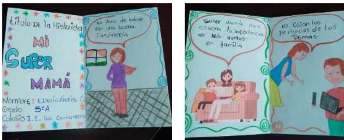
Imagen 14. Evidencia fotográfica que conlleva al estudiante a ver a su madre dentro de su cotidianidad como un personaje que da un buen ejemplo en su hogar. Autoría estudiante (2020)

García (1996), nos dice que uno de los aspectos más importantes que abarca la teatralidad es poder expresar nuestras emociones. Según los hallazgos encontrados la teatralidad emerge en los procesos expresivos ya que este ayuda al alumno a tener una mejor relación con el otro, así mismo le da una transformación a lo cotidiano, rescatamos lo que la autora nos dice ya que en un principio encontramos dificultad en los niños y las niñas la hora de expresarse, mediante actividades teatrales lograron tener una mejora y gracias a esto era mucho más fácil desenvolverse y mostrar sus sentimientos frente a los demás compañeros. A continuación presentaremos una evidencia fotográfica que refleja ese proceso reflexivo y esa realización experiencial de la mimesis teatral.
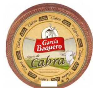
Cabra Cont. Net.: 3 kg
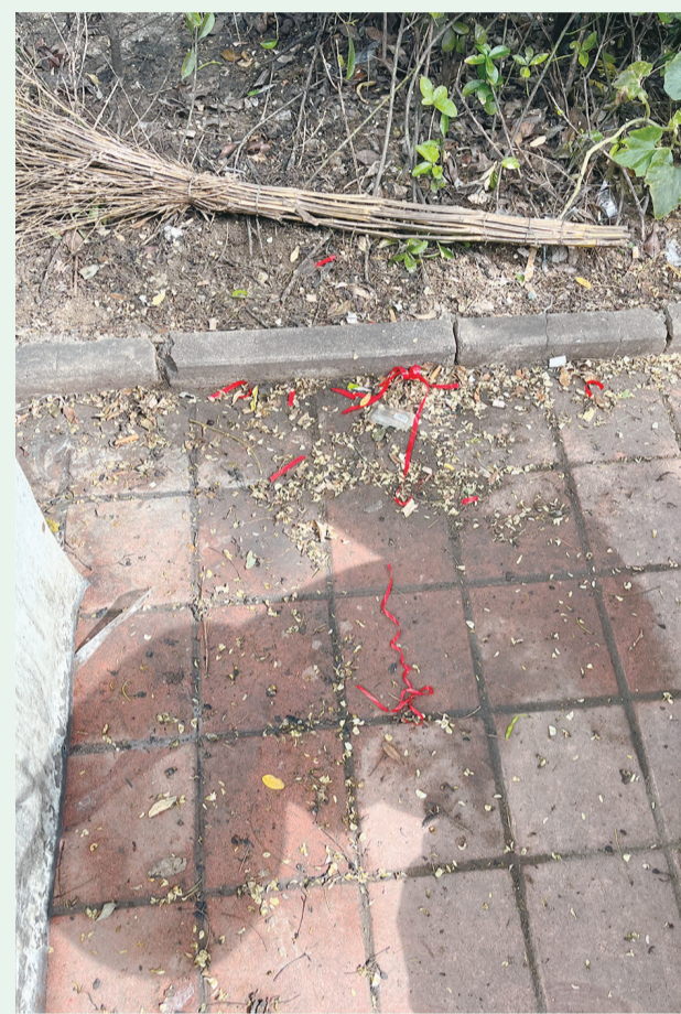
8月20日9:33摄于澳门路中房花苑小区周边
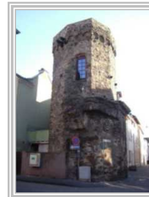
2. Bürgerturm Hintermauergasse 1
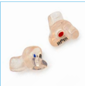
Abb. 5 Gehörschutz-Otoplastik

Ein sicherer Schutz wird nur erreicht, wenn die Gehörschutz-Otoplastik nach der Auslieferung und danach in regelmäßigen Abständen von maximal drei Jahren überprüft wird. Lassen Sie sich das richtige Einsetzen z.B. vom Hersteller oder Lieferanten der Gehörschutz-Otoplastik oder Ihrem Betriebsarzt zeigen.
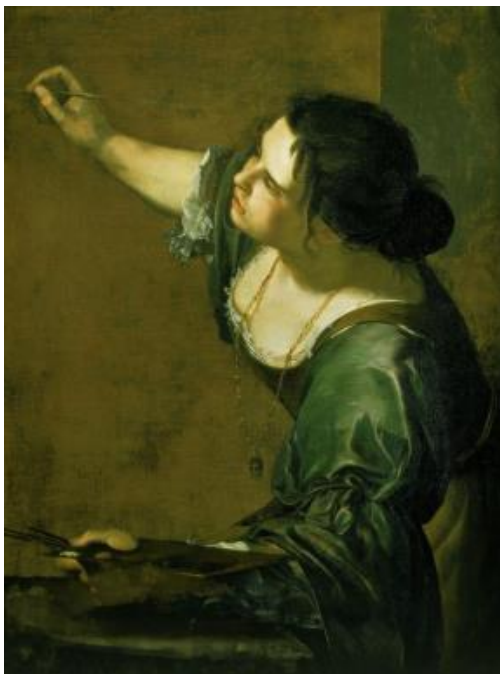
Slika 10. Artemisia Gentileschi, Autoportret kao alegorija slikarstva, 1639., 96.5 x 73.7 cm, Royal collection, London
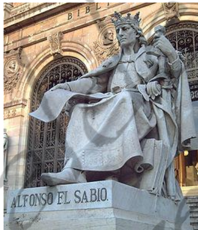
Standbeeld van Alfons X van Castilië in Madrid

Vanaf 1279 tot aan 1297 was Dionysius in oorlog verwickeld met Castilië. Zijn jongere broer, Alfons, koos voor een bondgenootschap met Alfons X van Castilië, terwijl Dionysius een verbond sloot met diens tegenstander Sancho IV van Castilië.
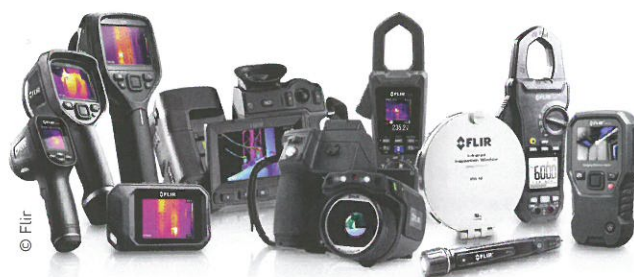
La gamme Test et Mesure de Flir, dont la pince ampèremétrique avec caméra de thermographie intégrée.

Avec ses pointes de touches IP2X 4 mm et 2 mm, l'utilisateur est en sécurité en toutes circonstances. Appareil de terrain, il ne craint pas les chocs et permet un éclairage de la zone de mesure pour les mesures lorsque cela est nécessaire.
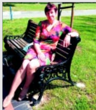
Viena no Ritām.
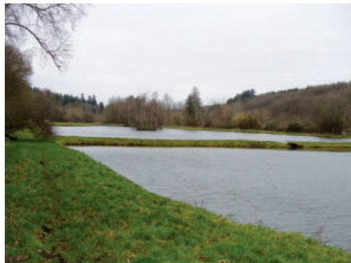
Les étangs de Conches en Ouche.
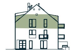
pohled západní western view
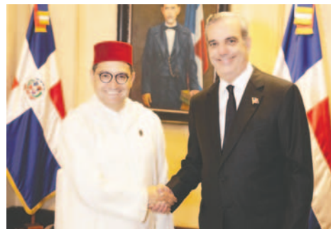
El mandatario, Luis Abinader, durante una reunión con el ministro de Asuntos Extranjeros, de Cooperación Africana y de los Marroquíes en el Extranjero del Reino de Marruecos, Nasser Bourita, este sábado en el Palacio Nacional en Santo Domingo (República Dominicana)

presidente de Guatemala, Bernardo Arévalo de León, o con el primer ministro de Curazao, Gilmar Pisas, entre otros.
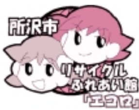
▲リサイクルふれあい館・エコロのイメージロゴ

詳しくは、お問い合わせください。 問い合わせ 国民年金課(☎998-9095・FAX998-9061)
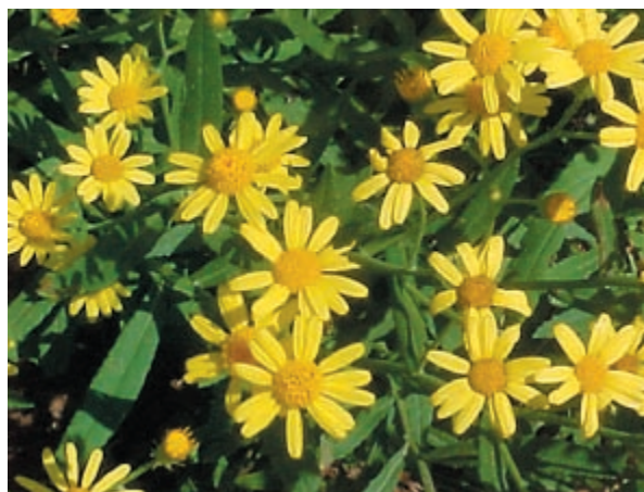
Figura 1: Flores de Senecio grisebachii .

Otros componentes del Senecio son terpenos e indoles, que forman parte de su aceite esencial. Se ha demostrado que sesquiterpenos combinados con ácidos
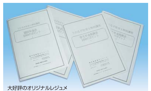
大好評のオリジナルレジュメ
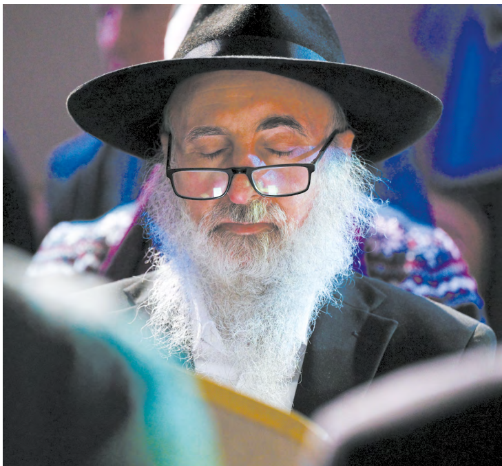
▲ В Екатеринбурге накануне Международного дня памяти жертв Холокоста прошла торжественно-траурная церемония.
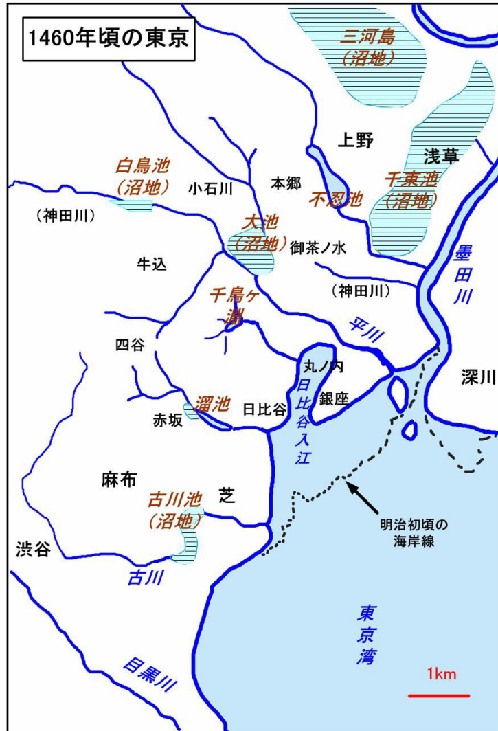
図2 1460年頃の江戸の地形。文献17)により作成。
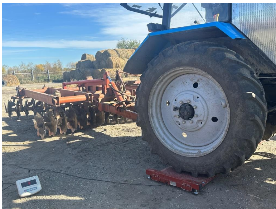
Рис. 6. Фрагмент определения силовой нагрузки на задние опорные поверхности (двигатели) трактора «Беларус 82.1»
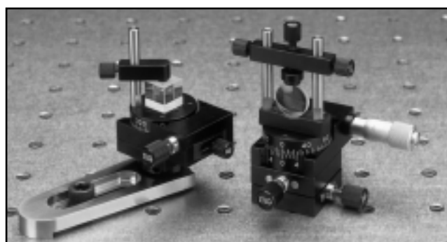
プリズムおよびレンズホルダを取付けた回転ステージ
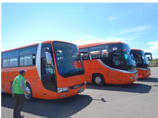
今年度初めて見る観光バスです。
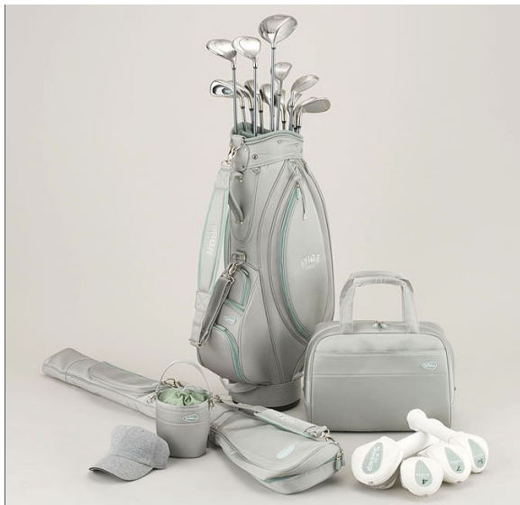
PRGR「SWEEP」シリーズのクラブとグッズ

グリップは、親指の位置を示すマーク付きで、初・中級者が毎回正しく握りながらスイングできる「コーチング・グリップ」（ツアープロコーチ内藤雄士氏監修）を装着した。またヘッド設計は、各番手ともボールが上がり、飛距離が出しやすい「低重心スイープヘッド」を採用。さらにシャフトは、自然にしなりボールをはじく「NEWスプリングシャフト」を専用設計した。しかもファッショナブルで高級感のあるデザインを取り入れ、楽しく、華麗に、気持ちよくプレイできるクラブとなっている。
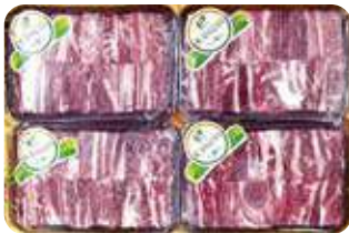
(1등급 이상/냉동) 미한우 갈비세트 215,000원 찜갈비3.2kg(800g × 4팩)
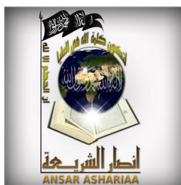
Logo de Ansar al-Sharia en Túnez

El reciente atentado contra turistas en el Museo Bardo de la capital ha puesto en evidencia la punta del iceberg en este pequeño país del norte de África. Desde el derrocamiento del presidente Ben Ali en 2011, con motivo de los levantamientos populares que se denominaron primavera árabe, se han sucedido diversas escaramuzas con grupúsculos terroristas yihadistas. Escaramuzas que han ido en aumento por la inestabilidad del país vecino, Libia, y del gran número tanto de armas como de combatientes con experiencia de combate que hay en circulación. Muestras claras de la influencia que tiene Libia en la seguridad de Túnez son la presencia de combatientes tunecinos integrados en los grupos islamistas y yihadistas que combaten en Libia 40 .

### [WHAT IS REQUIRED]
Nothing but the lines from the one with "Slika 10. Artemisia" up to and including the one with "Vanaf 1279 tot" should be printed, exactly as they read above. Please keep the pictures out.

### [REPLY TO THE EXERCISE]
Slika 10. Artemisia Gentileschi, Autoportret kao alegorija slikarstva, 1639., 96.5 x 73.7 cm, Royal collection, London
Standbeeld van Alfons X van Castilië in Madrid

Vanaf 1279 tot aan 1297 was Dionysius in oorlog verwickeld met Castilië. Zijn jongere broer, Alfons, koos voor een bondgenootschap met Alfons X van Castilië, terwijl Dionysius een verbond sloot met diens tegenstander Sancho IV van Castilië.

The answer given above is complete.